Home » Blog » Prove that 1 / (1+g(x)) = 1- g(x) + g2(x) + o(g2(x))

Prove that 1 / (1+g(x)) = 1- g(x) + g2(x) + o(g2(x))

  1. Prove that

        \[ \frac{1}{1+g(x)} = 1 - g(x) + g^2(x) + o(g^2(x)) \quad \text{as} \quad x \to 0 \]

    where g(x) = o(1) as x \to 0.

  2. Using part (a) prove

        \[ \tan x = x + \frac{x^3}{3} + \frac{2x^5}{15} + o(x^5) \quad \text{as} \quad x \to 0. \]


  1. Proof. We start with the algebraic identity

        \[ \frac{1}{1+u} = 1 - u + u^2 - \frac{u^3}{1+u}. \]

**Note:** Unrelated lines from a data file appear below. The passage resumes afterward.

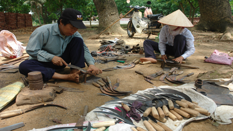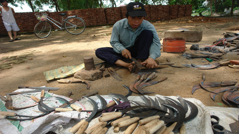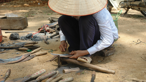 | Bác thợ rèn ở phiên chợ làng Chóa, xã Dũng Liệt, huyện Yên Phong, Bắc Ninh. |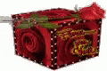 A beautiful red gift box filled with red roses and adorned with a bow, conveying a 'Boa Noite' message.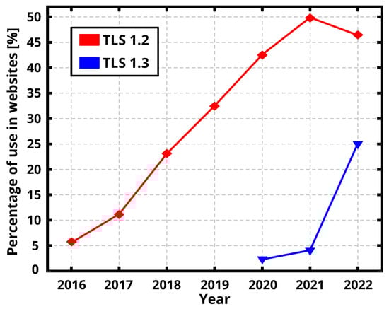 Transport Layer Security (TLS) is the most used protocol for providing end-to-end secure channels in computer networks []. The Internet Engineering Task Force (IETF) released the standard of TLS. Figure 1 illustrates the TLS percentage of use in websites, reporting 79.4% in the first quarter of 2022 [], and showing that TLS 1.2 represents approximately half of the use in websites during this period. In addition, the use of TLS 1.3 increased by 600% in use compared to the last year, demonstrating the importance of the new specification in secure end-to-end communications.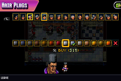 Neue Frise gefällig? Für gescheite "Shakedowns" unerlässlichDas Erscheinungsbild vom Boss kann beim Frisör, in Kleidergeschäften und Helloween-Shops (!) aufgestylet werden. Das gilt auch fürs Gangster-Outfit, mit dem man sich vermummen kann, um "Shakedowns" durchzuziehen. Bei den Erpressungsversuchen genügt es als Drohung manchmal, die Kunden böse anzugucken oder die Toilette zu verstopfen. Andernorts ist schon mal härteres Durchgreifen nötig. Ein üppiges und ungewöhnliches Waffenarsenal sammelt sich im Lauf des Spiels an. Gegner können auch durch Draufhüpfen oder Werfen (!) außer Gefecht gesetzt werden. Während "echte" Kontrahenten beherzt angreifen, verhalten sich normale Passanten angesichts von Aggression unvorhersehbar. Manche rennen schreiend davon, andere wollen sich prügeln. |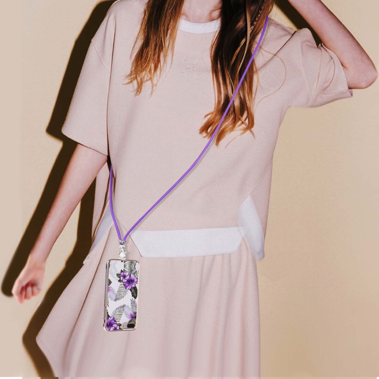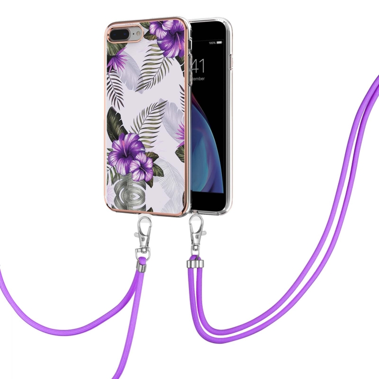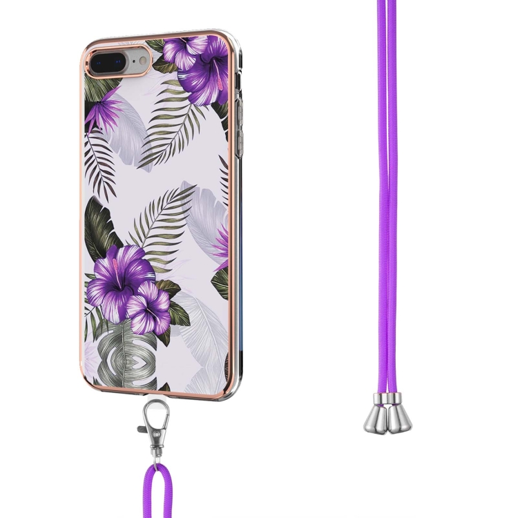 Funda TPU Patrón Galvanoplastia Imd a Prueba de Golpes con Cordón para iPhone 8 Plus / 7 Plus (Flor Púrpura)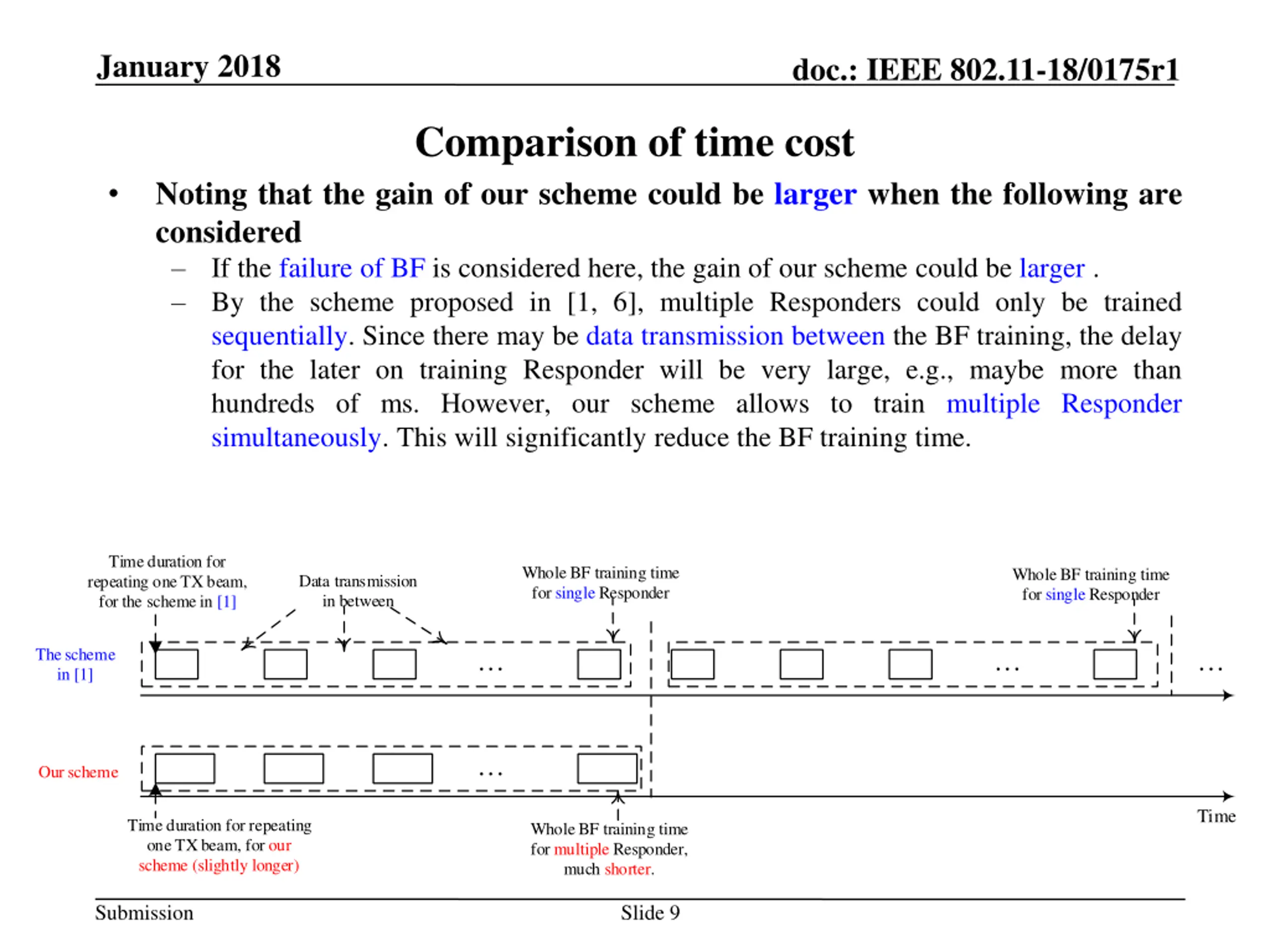 January 2018 doc.: IEEE 802.11-18/0175r1 Comparison of time cost Every TDD slot filled with three or four TDD SSW frames Assumption and configuration TDD slot Duration = 66us, SBIFS = 1us, For the scheme in [1, 6], every TDD slot filled with four TDD SSW frames For our scheme, every TDD slot filled with three TDD SSW frames (for 2-4 Responders), or two TDD SSW frames (for 5-10 Responders) Following figures shows the comparison of time cost for BF training with different number of Responder (calculation details could be found in Appendix I, II) Time cost for scheme in [1, 6]: with very high time cost Our scheme: time cost is much reduced. TDD SSW TDD SSW IFS options (RIFS, SBIFS, SIFS or programmable) under study Submission Slide 8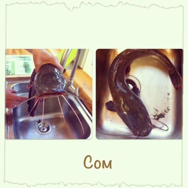 Мы даже в лес особо не ходили, потому что боимся волков и медведей. Прогулялись вдоль забора. Но грибов маленько нашли. А маслят полно набрали прямо возле дома на участке. Ужинали с друзьями вкуснючей картошкой с грибами и вот таким сомом, которого поймал притащил наш друг:
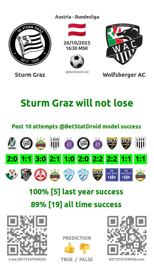 ✔ Sturm Graz lost under 2,5 goals in each of 15 last games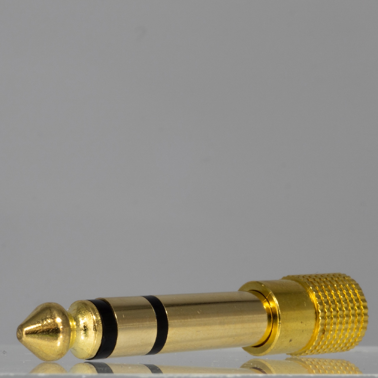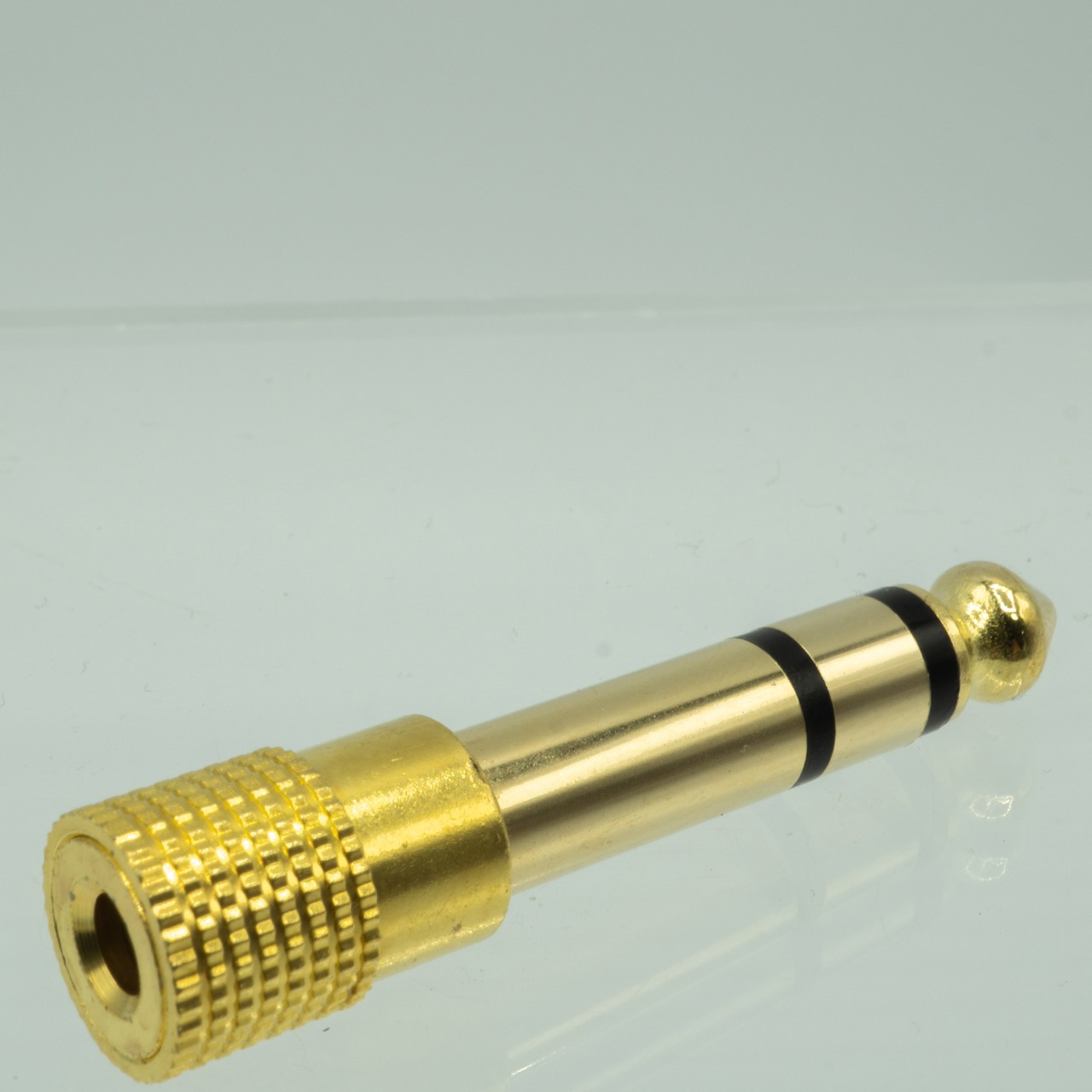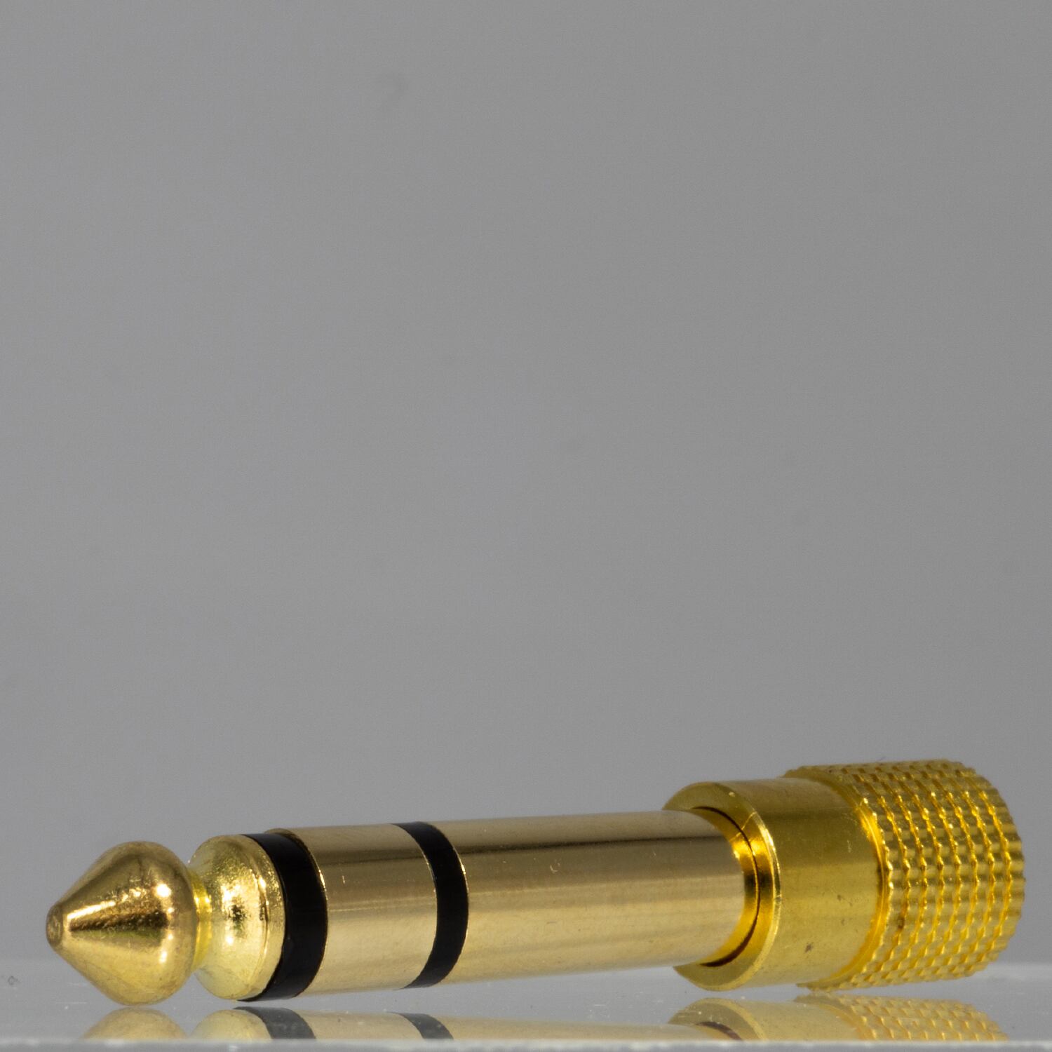 3.5mmステレオピンジャックを6.3mm3極ステレオジャックに変換するコネクタです。

    Replacing u by g(x) we have,

        \[ \frac{1}{1+g(x)} = 1 - g(x) + g^2(x) - \frac{g^3(x)}{1+g(x)} = 1 - g(x) + g^2(x) - g^2(x) \frac{g(x)}{1+g(x)}. \]

    By the definition of o(1) we have

        \[ g(x) = o(1) \text{ as } x \to 0 \quad \implies \quad \lim_{x \to 0} g(x) = 0. \]

    Therefore,

        \[ \lim_{x \to 0} \frac{g(x)}{1+g(x)} = 0. \]

    Hence,

        \[ \frac{1}{1+g(x)} = 1 - g(x) + g^2(x) + o(g^2(x)). \qquad \blacksquare\]

  2. Proof. First, we use the expansion of \cos x,

        \[ \frac{1}{\cos x} = \frac{1}{1 - \frac{x^2}{2} + \frac{x^4}{24} + o(x^5)} = \frac{1}{1+g(x)} \]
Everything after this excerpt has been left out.